I would argue that I am no more selfish than any punctual specimen. However, I will admit to being ish-y  when it comes to all things time. I have yet to find a way to see my commitments as exact points in time. I am an –ish person. I may not be at work by 7:30, but you can be sure that I will make it by 7:30ish. 

This ishness is experienced as an insurmountable wall separating me from society. I cannot pretend to an a priori knowledge of time. If I were to posit myself within the spacetime continuum, I might be found near the edge of the speed of light with my fingernails dug into the lip of the black hole. If I could just swing my other arm up and out against the strain of the laws of physics, the Kate Spade calendar chirping  of appointments and to-do lists aligned neatly beside crisp depictions of watering cans and galoshes. If I could just claw my way out from under the unopened bills, the receipts, the bank statements, the ungraded papers, the graded papers to be filed, the files to be discarded, the phone numbers scribbled on the back of the Starbucks sleeve found in the backseat of my car. If I could just, if I could only, then I might be able to meet you for coffee this afternoon around 3:00. Let’s call it 3-ish.



6 responses

31 08 2008

Beautifully written, Whitney!

8 09 2008

O Whitney, I’m keening, keening, to hear this.

I will not belabor the subject, only let me suggest this:

when one leaves others waiting, perhaps, perhaps, one is a thief of their time?

9 09 2008
Whitney Wood

“Punctuality is the virtue of the bored.” – Evelyn Waugh
As a true isher (from way back) this makes me feel a bit better.

13 09 2008

Marie: I wasn’t really trying to make a case for tardiness… I was merely ruminating (rambling?) about my fascination with tardiness and timeliness and how people who are always late never understand people who are always on time and vice versa. Strange, no? As hard as I try to be on time, I can never sustain a lifestyle that is punctual and tidy. Once in a while, yes. Daily? uh-uh. (That is not to say that I am not ashamed of this aspect of my personality. I was late for a meeting this morning and was keening the whole way there.)
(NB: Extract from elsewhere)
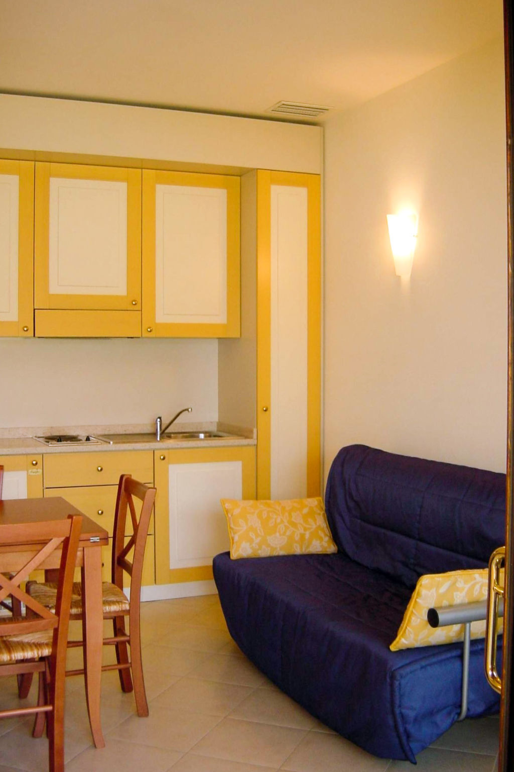 Aménagement confortable et agréable: séjour/chambre à coucher avec 1 divan-lit double, table pour les repas et TV (satellite).

Whit: I’m glad I have made you feel better if only through my affirmation of suffering from a common affliction.

14 09 2008

That’s okay, Whitney. I actually think 10-15 min late is totally acceptable. “ish” is one thing. But I have a friend who never appears before an hour after the agreed-upon time, minimum. And a co-worker who is never never late for personal appts, must must leave work on time, and yet is daily late by 35-50 mins. So if I sounded particularly overwrought, mea maxima culpa, I was projecting… 🙂

17 09 2008
John Pennisi

Do you count your students tardy? Just curious.